O deputado Chagas lembrou que dentre os alertas mais recentes está a nota distribuída pela Associação Médica Brasileira, falando a respeito da entrada de doenças que estavam banidas do país e que voltaram como o sarampo. “Este é um dos problemas que o sistema de saúde do estado vem enfrentando. No relatório entregue ao presidente Temer demonstrámos que nossa rede de saúde pública não tinha condições de atender acima da capacidade disponível.

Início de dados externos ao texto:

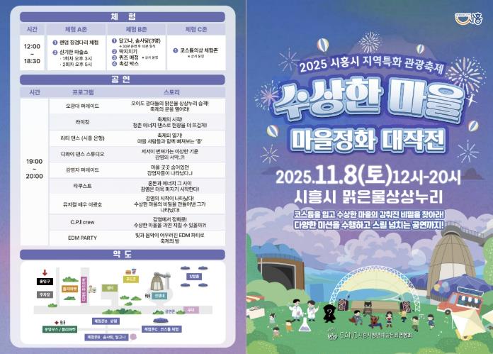 [메이저뉴스]시흥시는 2025년 시흥시 지역특화 관광축제 지원사업 선정 축제인 ‘수상한 마을 마을정화대작전’을 오는 11월 8일 정왕동 맑은물상상누리 일원에서 개최한다. 이번 축제는 시흥시 청년예술연합회가 주관한다.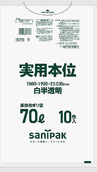 日本サニパック 業務用ゴミ袋 70L NJ79 白半透明 10枚×40冊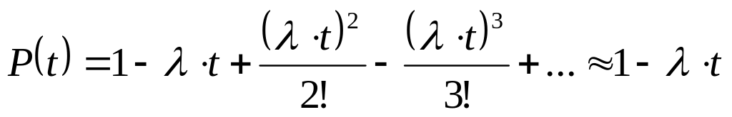 Как обычно λ(t) ≤ 0,1, поэтому формулу для вероятности безотказной работы можно упростить в результате разложения в ряд и отбрасывания малых членов: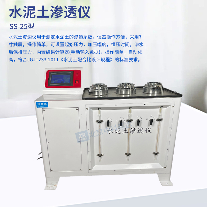 水泥土滲透儀用于測(cè)定水泥土的滲透系數(shù),儀器操作方便,采用7寸觸屏,操作簡單,可設(shè)置起始?jí)毫Γ訅悍?,恒壓時(shí)間,滲水后保持壓力,內(nèi)置結(jié)果計(jì)算器(手動(dòng)輸入數(shù)據(jù)),操作簡單,自動(dòng)化高,符合JGJT233-2011《水泥土配合比設(shè)計(jì)規(guī)程》的標(biāo)準(zhǔn)要求。

E estamos vendo isso na prática”, destacou.

O governo do estado tem se desdobrado, segundo ele, para superar dificuldades, criando mecanismos que possam contribuir para minorar as dificuldades que os recém-chegados a Boa Vista, sobretudo mães com crianças pequenas, tem enfrentado. “É fundamental que o governo federal coloque imediatamente em prática as ações anunciadas”, destaca o presidente do Parlamento Amazônico.

Segundo ele, todos os aspectos são preocupantes, no entanto nenhum supera o receio dos roraimenses como a entrada de doenças que não faziam mais parte das nossas preocupações, mesmo com um sistema de saúde carente de muitas providências. “Estou plenamente de acordo com a Associação Médica Brasileira, quando afirma que a adoção de barreiras sanitárias é extremamente necessárias na fronteira Brasil/Venezuela, ponto importante para que se possa fazer uma triagem de todos que chegam ao nosso país”.

Por fim o parlamentar roraimense lembrou que hoje todos sentem o peso de uma migração desenfreada de pessoas que fogem da fome e da miséria, além de um regime repressivo da Venezuela. E destaca: “O que temos aqui não é muito diferente da situação na Europa, onde vítimas de guerras civis, terrorismo, perseguições e miséria, buscam no continente uma chance de uma vida mais digna, como temos acompanhado pelos noticiários”.